When I think about it, in stories both factual and fictional, a “little old lady” is often feisty and gutsy. I wonder if anyone answering that School Cert question wrote about the Little Old Lady from Pasadena, immortalised in the 1964 song for driving her sports car “real fast” and “real hard…The guys come to race her from miles around, But she’ll give ’em a length, then she’ll shut ’em down.”

Bless my socks

QJust want to honor you for your outstanding reply on the landLORD letter.

That system I call right wing, white male capitalism, set up by capitalists for capitalists, so the rich get richer and the poor, poorer, working for their benefit like compound interest! Bless your little cotton socks.

AThanks. I don’t quite go along with your take on the system, though. For one thing, not all landlords are male. See the Q&A above.

Laddering disappointment

QAbout seven years ago I set up a schedule of laddered term deposits. All went well for a while with rates around 4 per cent or so, then they started dropping. Now I have some five-year deposits at between 1.3 per cent and 2 per cent. Recent rollovers are 5 per cent plus, but the average is well below current rates.

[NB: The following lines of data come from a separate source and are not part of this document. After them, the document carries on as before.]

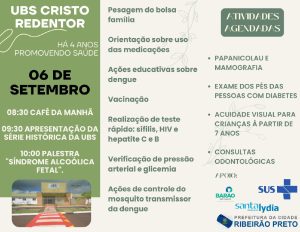 A UBS – Unidade Básica de Saúde Dr Luiz Gaetani, no bairro Cristo Redentor, em parceria com o Centro Universitário Barão de Mauá, promoverá, no dia 6 de setembro, uma série de atividades em saúde e de lazer para as mulheres do bairro.
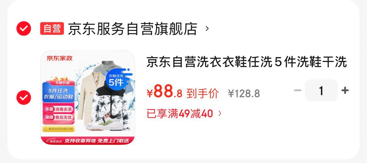 京东自营洗衣服务:领49-40券,衣鞋任洗5件88.8元
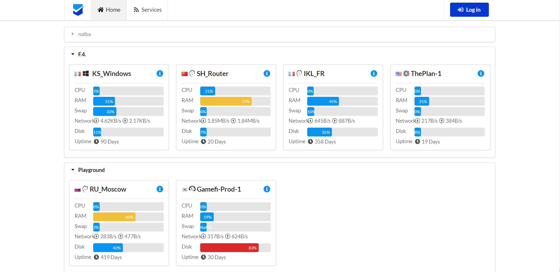 Речь идёт про open source проект nezha. Можете сразу оценить функционал в публичном demo — https://ops.naibahq.com. Данный мониторинг поддерживает следующие метрики:
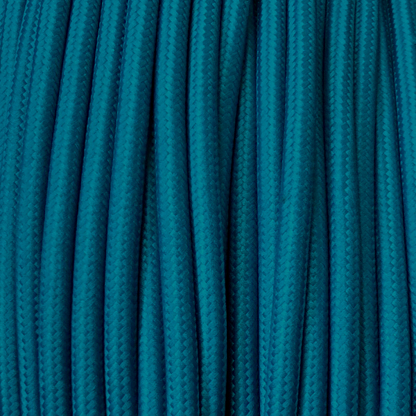 Rundes Stromkabel mit Textilummantelung Farbe petrolblau Ein intensives Blau, eine starke und sehr elegante Farbe. Bringt Eleganz und Raffinesse in jedwedes Zimmer.
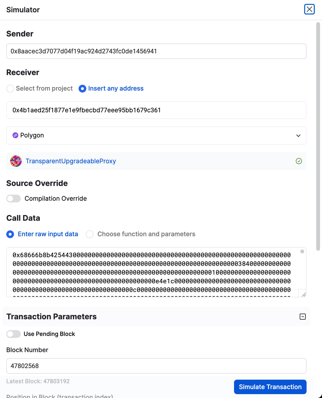 Click the simulate transaction button will save this run to the simulation history of your project and show you the result, just like what you see from the normal debugger UI.
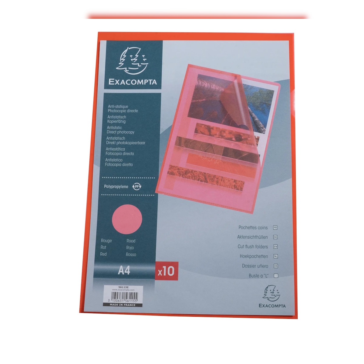 Exacompta 56115E 10x Packung mit 10 Aktensichthüllen aus genarbtem PP 120µ, für Format DIN A4 - Rot

I agree laddering keeps your term deposits theoretically at the best available five-year rates. But in my scenario I haven’t achieved an optimal outcome.

APerhaps I’ve oversold laddering — or perhaps you’ve overbought it!

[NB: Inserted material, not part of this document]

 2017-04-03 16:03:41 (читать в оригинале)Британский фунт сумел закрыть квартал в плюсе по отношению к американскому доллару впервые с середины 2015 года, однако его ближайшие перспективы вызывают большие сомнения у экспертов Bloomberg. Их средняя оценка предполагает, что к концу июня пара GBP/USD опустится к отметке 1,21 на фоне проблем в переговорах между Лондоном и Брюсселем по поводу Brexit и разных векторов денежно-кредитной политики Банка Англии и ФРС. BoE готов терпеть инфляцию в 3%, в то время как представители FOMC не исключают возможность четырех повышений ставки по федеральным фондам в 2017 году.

When you ladder, you set up term deposits so, say, a quarter of your money matures in one year, a quarter in two, a quarter in three and a quarter in four. Then, when each one matures, you reinvest it for four years. See last week’s column for more on this.

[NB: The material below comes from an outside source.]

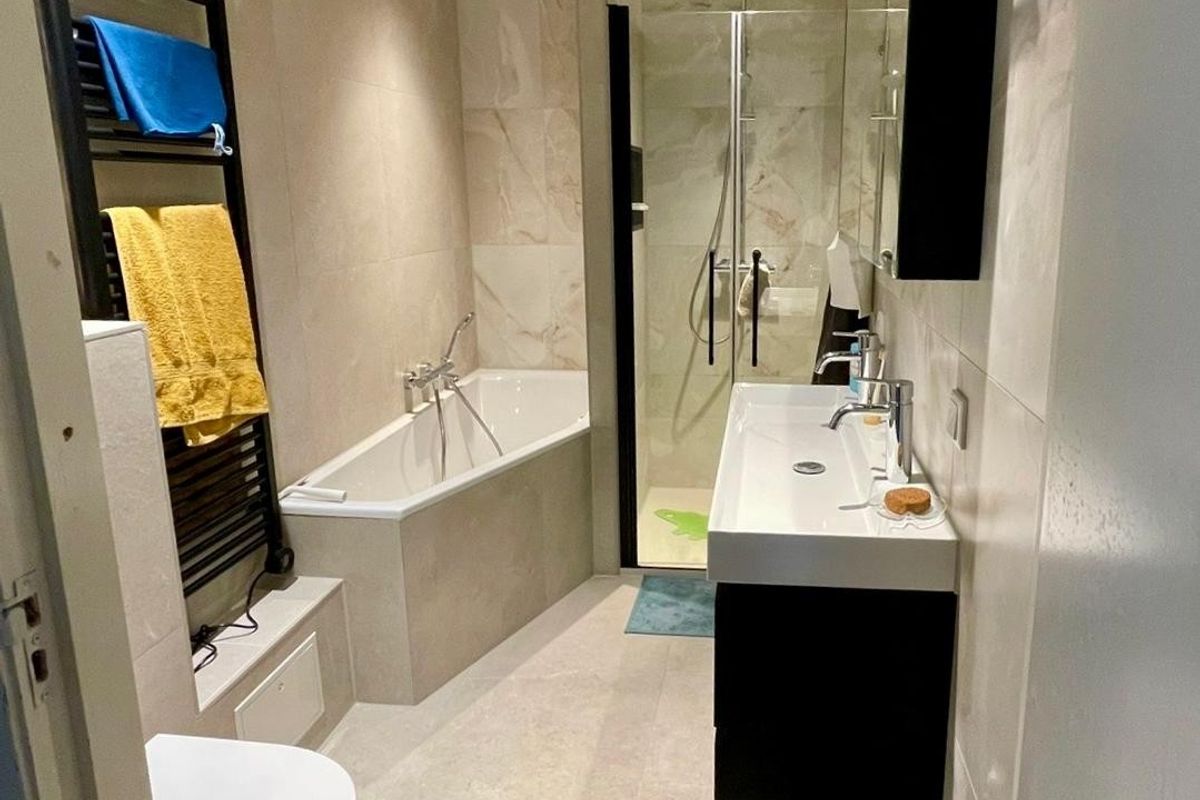 The apartment is located on the third floor. Upon entering the hall, you have access to the separate toilet, the bathroom, and all other rooms. The bright living room is at the rear and opens onto the balcony. The semi-open kitchen is fully equipped with built-in appliances, including a fridge, hob, extractor, and dishwasher.

It means you get access to some of your money frequently, while at the same time receiving the higher interest that usually applies to longer-term deposits.

Currently that’s not the case, because the markets expect interest rates to fall. But that’s unusual. We will undoubtedly move back to higher rates for longer terms soonish. And while current five-year rates might not look appealing now, it’s highly likely they will look good by the time they mature.

Meantime, I think you would find that if instead you had put your money in one-year deposits from the start, you would be worse off over all.

Laddering usually works well over any period of more than a few years.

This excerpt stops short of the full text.